## Data to process:
-------

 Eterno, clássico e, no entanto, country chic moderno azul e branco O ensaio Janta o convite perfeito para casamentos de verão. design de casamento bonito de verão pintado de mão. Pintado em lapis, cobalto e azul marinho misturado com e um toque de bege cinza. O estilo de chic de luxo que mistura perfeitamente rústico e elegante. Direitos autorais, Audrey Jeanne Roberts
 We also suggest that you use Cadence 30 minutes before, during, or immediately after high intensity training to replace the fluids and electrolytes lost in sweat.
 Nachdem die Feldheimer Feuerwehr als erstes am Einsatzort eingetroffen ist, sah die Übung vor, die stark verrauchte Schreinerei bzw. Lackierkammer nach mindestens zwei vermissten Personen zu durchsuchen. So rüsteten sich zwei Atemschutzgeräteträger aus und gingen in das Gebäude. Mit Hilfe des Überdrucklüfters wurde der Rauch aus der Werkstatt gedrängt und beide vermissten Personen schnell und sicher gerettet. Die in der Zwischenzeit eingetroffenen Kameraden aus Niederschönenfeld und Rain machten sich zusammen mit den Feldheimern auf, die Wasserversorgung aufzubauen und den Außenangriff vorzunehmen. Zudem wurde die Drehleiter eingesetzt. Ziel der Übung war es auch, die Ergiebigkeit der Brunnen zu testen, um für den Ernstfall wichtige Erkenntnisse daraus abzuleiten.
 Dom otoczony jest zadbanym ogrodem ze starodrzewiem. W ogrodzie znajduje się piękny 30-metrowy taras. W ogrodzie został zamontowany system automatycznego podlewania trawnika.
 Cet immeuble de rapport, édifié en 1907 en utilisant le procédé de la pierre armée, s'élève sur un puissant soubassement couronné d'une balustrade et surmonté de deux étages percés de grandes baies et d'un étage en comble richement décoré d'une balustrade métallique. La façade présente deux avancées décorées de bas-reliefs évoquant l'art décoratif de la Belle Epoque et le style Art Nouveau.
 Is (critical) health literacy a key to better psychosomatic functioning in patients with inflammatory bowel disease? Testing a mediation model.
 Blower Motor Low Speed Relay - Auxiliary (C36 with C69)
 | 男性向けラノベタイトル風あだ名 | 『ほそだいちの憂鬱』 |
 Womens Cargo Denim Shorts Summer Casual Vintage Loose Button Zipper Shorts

-------

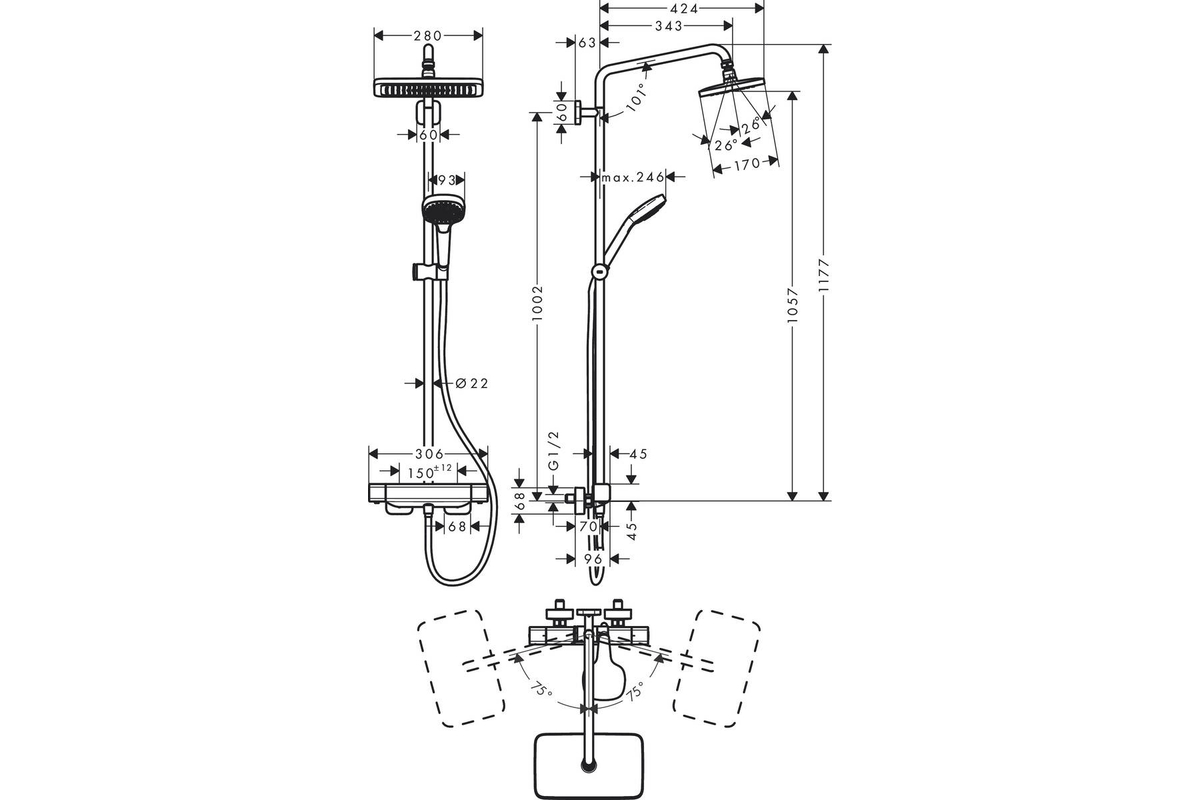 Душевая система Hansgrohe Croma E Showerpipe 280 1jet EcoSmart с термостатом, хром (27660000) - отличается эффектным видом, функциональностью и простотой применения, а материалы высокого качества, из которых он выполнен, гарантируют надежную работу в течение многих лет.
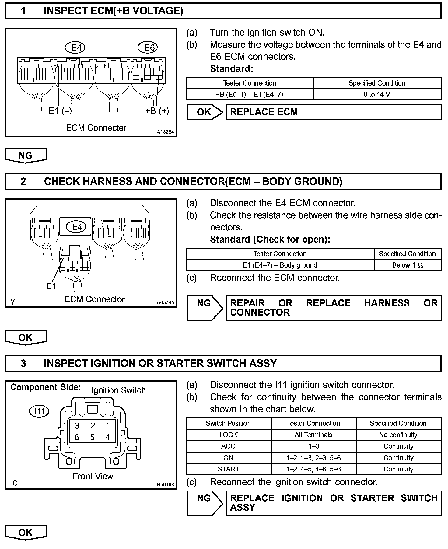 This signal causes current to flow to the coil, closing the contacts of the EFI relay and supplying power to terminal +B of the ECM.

-------

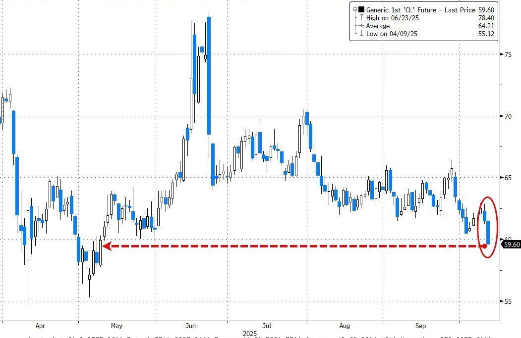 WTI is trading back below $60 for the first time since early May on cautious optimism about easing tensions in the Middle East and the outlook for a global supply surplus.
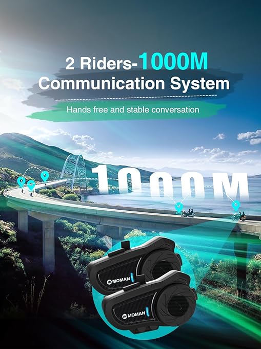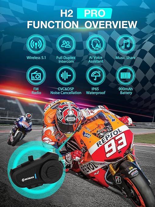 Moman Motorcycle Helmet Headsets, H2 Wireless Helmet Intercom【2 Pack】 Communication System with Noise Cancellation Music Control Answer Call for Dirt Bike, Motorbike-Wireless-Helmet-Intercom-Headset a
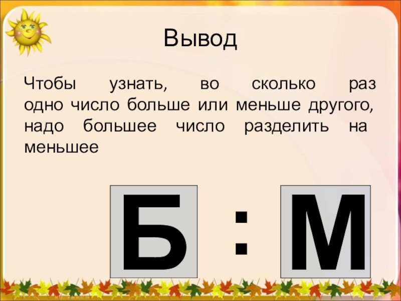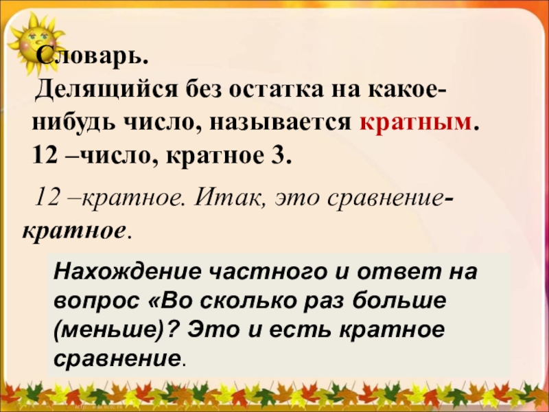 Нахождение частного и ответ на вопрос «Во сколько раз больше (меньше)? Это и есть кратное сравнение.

-------

## Your task:
Nothing should appear in the answer except the lines above from the line with "Eterno, clássico e, no" through the line with "Dom otoczony jest", both included, written out exactly.

## Result of the task:
 Eterno, clássico e, no entanto, country chic moderno azul e branco O ensaio Janta o convite perfeito para casamentos de verão. design de casamento bonito de verão pintado de mão. Pintado em lapis, cobalto e azul marinho misturado com e um toque de bege cinza. O estilo de chic de luxo que mistura perfeitamente rústico e elegante. Direitos autorais, Audrey Jeanne Roberts
 We also suggest that you use Cadence 30 minutes before, during, or immediately after high intensity training to replace the fluids and electrolytes lost in sweat.
 Nachdem die Feldheimer Feuerwehr als erstes am Einsatzort eingetroffen ist, sah die Übung vor, die stark verrauchte Schreinerei bzw. Lackierkammer nach mindestens zwei vermissten Personen zu durchsuchen. So rüsteten sich zwei Atemschutzgeräteträger aus und gingen in das Gebäude. Mit Hilfe des Überdrucklüfters wurde der Rauch aus der Werkstatt gedrängt und beide vermissten Personen schnell und sicher gerettet. Die in der Zwischenzeit eingetroffenen Kameraden aus Niederschönenfeld und Rain machten sich zusammen mit den Feldheimern auf, die Wasserversorgung aufzubauen und den Außenangriff vorzunehmen. Zudem wurde die Drehleiter eingesetzt. Ziel der Übung war es auch, die Ergiebigkeit der Brunnen zu testen, um für den Ernstfall wichtige Erkenntnisse daraus abzuleiten.
 Dom otoczony jest zadbanym ogrodem ze starodrzewiem. W ogrodzie znajduje się piękny 30-metrowy taras. W ogrodzie został zamontowany system automatycznego podlewania trawnika.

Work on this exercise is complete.